Our thoughts were to jump off at the train stop and walk the few blocks to the villa. Then we would simply walk back to the train station and catch the next train that came along to Naples. Is that safe? We’re experienced travelers, but really do not speak much Italian at all. Thank you for taking the time to answer my question, and please keep posting your interesting blog articles. We love them.

Larry
Nashville, TN, USA

Barbara said...

Thanks for writing and glad you enjoy the blog. And from Nashville! What a wonderful place to live. (I love visiting the South.)

When I think of Villa Poppaea I have to sigh in happiness... Stabia was also breathtaking as it sits on a cliff. But I understand your concern about safety.

I'm always a little confused by the statements of it being dangerous here. Naples is, bar none, the safest city in Europe as well as the U.S. in that it has the absolute lowest number of violent crime anywhere in the Western world. So you need not worry about murder, rape, or being held up at gunpoint. For this, you can brag to your friends that Naples is even much safer than Nashville.

The violent crime is exclusively among mafia. If you are not part of the mafia, they leave you alone.

That said -- people want your money. And they will try to steal it while you are not looking. So I always make several notes to myself as I travel:
-- I try not to stand out as a tourist, but blend in. That means I never wear shorts, sweats, baseball caps, or T-shirts with writing on it (Italians never wear them). Other than that, you'll be okay.
-- I always find a money belt shoved in my pants is best -- I keep my passport, ID's, and money in the belt and then carry a purse with some change (about 20 Euro) so I can easily pull out money for entry fees or a caffe.
-- I do however insist on carrying my very expensive digital camera with me everywhere. I don't wear it over one shoulder, but across my chest so that nobody can pull it off and run away.
-- Italians understand that the roads are confusing and often unmarked. So they ask everyone directions themselves. You can always feel good about asking directions and asking often, starting with "Buongiorno" and saying "Grazie" a lot. If they don't speak English, they will point with their fingers... you'll walk down the block where they pointed and then ask another person again.
--People around the Oplontis, Herculaneum, and Pompeii areas will try to ask you questions or try to say they are tour guides. Usually they want you to give them money or hire them for an hour (even if they don't speak English), but they are actually vagabonds of some kind. Simply say 'No, Grazie. No, Grazie' as you walk away. They won't be aggressive and try to stop you. You don't have to feel scared of them. Just be firm.
-- Traffic is intense (much like NYC). While walking or driving, you have to watch the road rather than street signs or the ruins, otherwise you'll be run over. Motorinos have the right of way. Cars don't heed any traffic signs and nobody uses the crosswalks. So the traffic can make things very dangerous and you must be very aware while you walk.

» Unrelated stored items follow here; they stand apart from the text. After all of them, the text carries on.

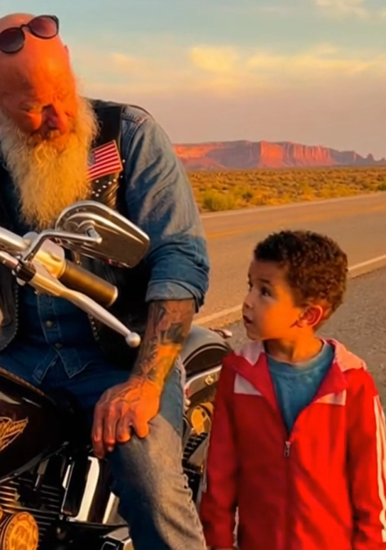 To an outsider, it might have looked ordinary. Just a biker and a kid. Just a pause before another ride.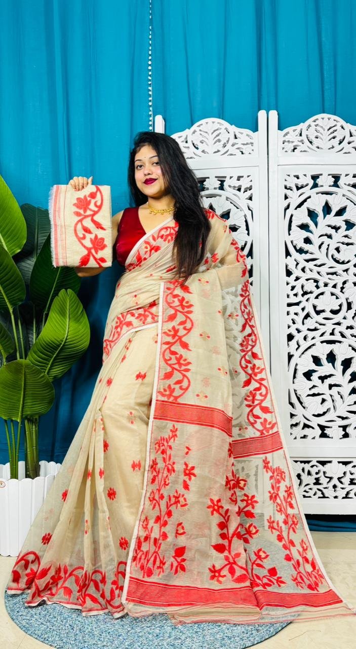 Loto Pata Soft Red Jamdani Sari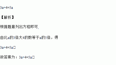 列等式表示:比a的3倍大4的数等于a的5倍,得 ________ .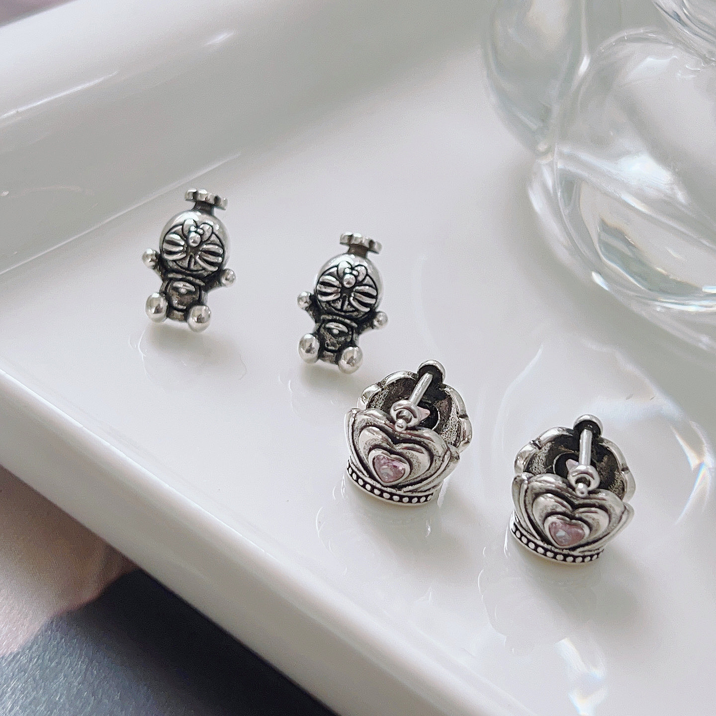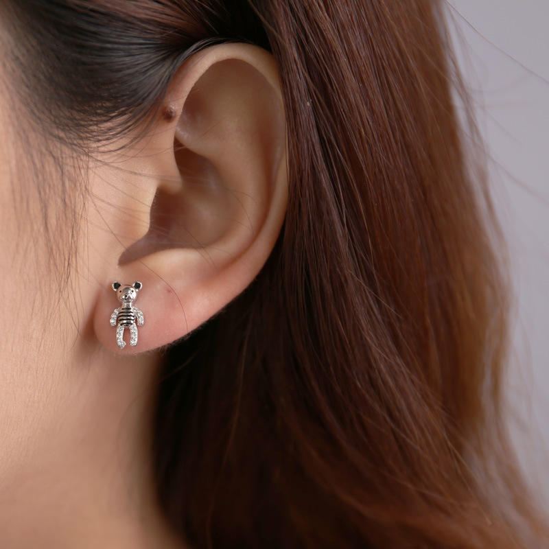 S925銀針日韓シンプル気質アニメ熊ピアス女小型新型かわいいネット赤イヤリング女耳飾り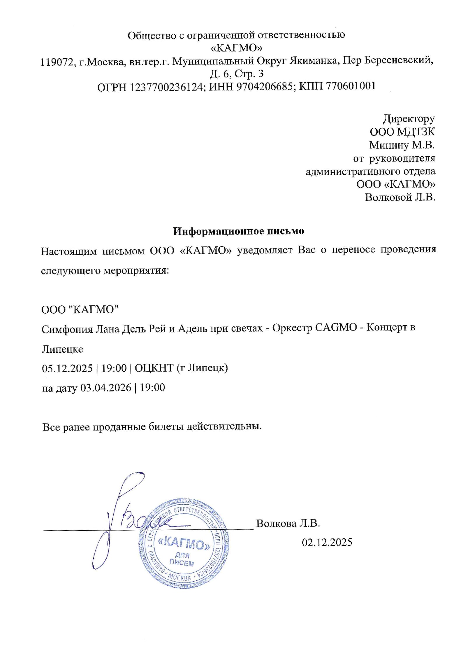Уважаемый клиент! Спешим сообщить, что по информации, полученной от организатора, концерт «Хор Русского Рока при свечах. Оркестр CAGMO», запланированный на 18 декабря 2025 года в 19:00 в ДК Машиностроитель (г. Петрозаводск), перенесен на 24 апреля 2026 года. Ранее приобретенные билеты действительны на новую дату, обменивать их не нужно. Если вам не удобно посетить мероприятие в новую дату, вы можете вернуть билет по кнопке в личном кабинете во вкладке «Заказы». Деньги за электронные билеты вернутся автоматически в полном объёме на карту, с которой была произведена оплата. Если вы купили билет в кассе Ticketland.ru за наличный расчет, то обратитесь, пожалуйста, на почту: vozvrat@ticketland.ru. С уважением, команда поддержки Ticketland.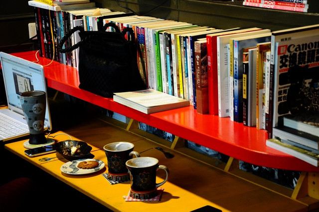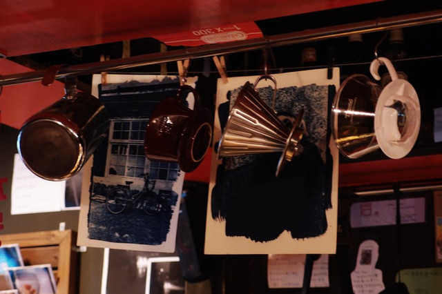 工作檯上都是手沖咖啡的工具...和相機...兩者都是老闆的最愛...

My concern about you sightseeing in Oplontis (and possibly Boscoreale and Stabia) is not the danger factor. Rather, I myself drove there by car and had to go three times before I actually found the places. Unlike Mt. Vesuvius & Pompeii, which are easy to get to, Oplontis is darn hard to find and you could end up taking several hours roaming around, asking, asking, and still searching for the ruins. I would suggest either having a really good map with you and charting out your walk beforehand, or negotiating a reasonable fee with a cab driver to take you there for an afternoon or asking at the hotel if they have a tour or a recommendation for a tour guide.

If you can find a cab or a driver, it will be one of the most worthwhile experiences of a lifetime. Pompeii and Herculaneum are definitely amazing. But in Oplontis and Stabia, the villas are incredibly well preserved with the frescoes on the walls still in tact. Plus, very few tourists take the time to go there, so you'll find that you aren't amidst a large number of people. It will feel like Poppaea and Nero are going to walk down a hall to greet you at any moment.